Belgique La Dernière Heure dit en savoir un peu plus sur la troisième personne présente hier soir dans l'appartement de la rue de la Colline à Verviers. Agé de 25 ans, le jeune homme s'appellerait Marouane E.

Selon nos confrères, il a été placé sous mandat d'arrêt par la juge d'instruction 'terrorisme' Isabelle Panou. A sa charge, cinq chefs d'accusation : participation à une association terroriste comme auteur ou co-auteur, détention d'explosifs dans l'intention de commettre un attentat criminel, détention d'armes prohibées, détention d'armes à feu ainsi que rébellion avec concert préalable et menaces. 

Marouane E. nierait totalement les faits. Inconnu des autorités judiciaires, Marouane affiche un casier judiciaire vierge. Il réfuterait également être allé en Syrie. 

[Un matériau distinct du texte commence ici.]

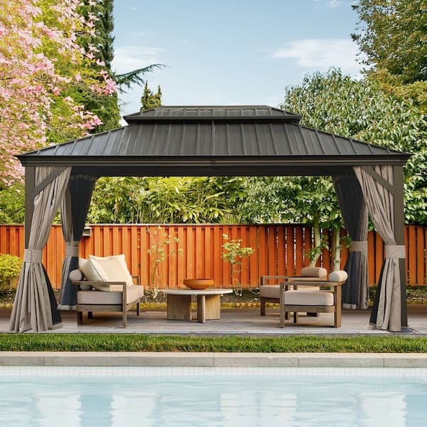 12 ft. x 16 ft. Brown Outdoor Hardtop Gazebo with Double Galvanized Steel Roof and Detachable Curtain and Netting
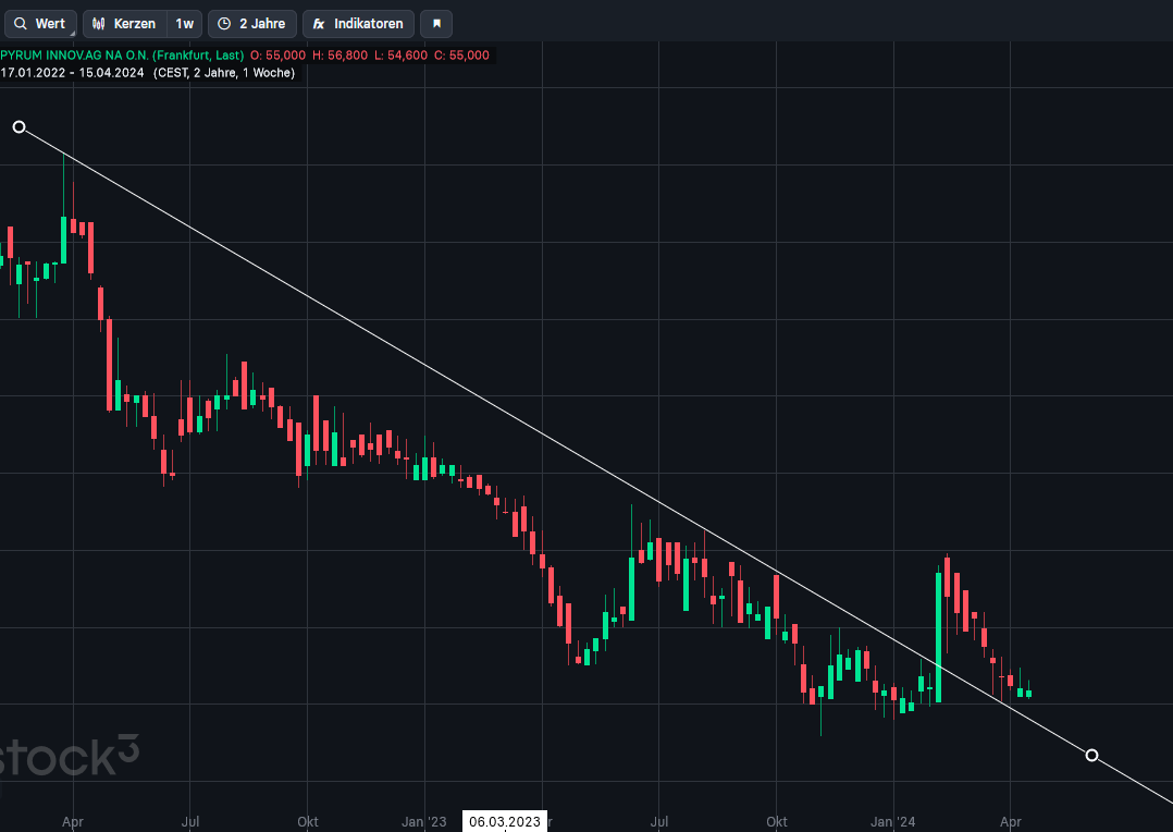 seit meinem letzten Post sind nun ein paar Monate vergangen. Nach dem Trendbruch hat sich nicht viel getan. Die Aktie konnte bisher keinen neuen Aufwärtstrend etablieren und ist vorerst lediglich in einen mehrmonatigen Seitwärtstrend übergegangen. Es bleibt spannend, ob es hier eine nachhaltige Bodenbildung gibt oder es doch zu einer Vorsetzung des Abwärtstrends kommt. An meiner positiven Einschätzung des Unternehmens „Pyrum Innovations AG“ halte ich fest und ich möchte Euch die Gründe erläutern, warum ich diesen Wert so attraktiv finde.

Selon la DH, Marouane, comme ses deux complices tués, était sur écoute jusque dans les dernières secondes avant l'intervention. Ce sont ces écoutes qui ont décidé la police à intervenir

Dans l'appartement verviétois, les policiers auraient retrouvé des documents permettant de faire le lien entre les trois jihadistes et les lettres de menaces reçues par les quatre libraires jettois. Il ne s'agissait donc apparemment pas de menaces en l'air. 

Par ailleurs, toujours sur base des écoutes téléphoniques et des documents retrouvés sur place, il semblerait que les terroristes visaient le palais de justice de la place Poelaert via, notamment, un attentat à l'explosif. L'enlèvement d'un haut magistrat n'est toujours pas confirmée à ce stade de l'enquête.

La famille de Maroune E. vit en région bruxelloise, ce qui explique les perquisitions en région bruxelloise. Sa mère et ses frères auraient été interpellés hier soir. A cette heure de la journée, ils auraient été relâchés.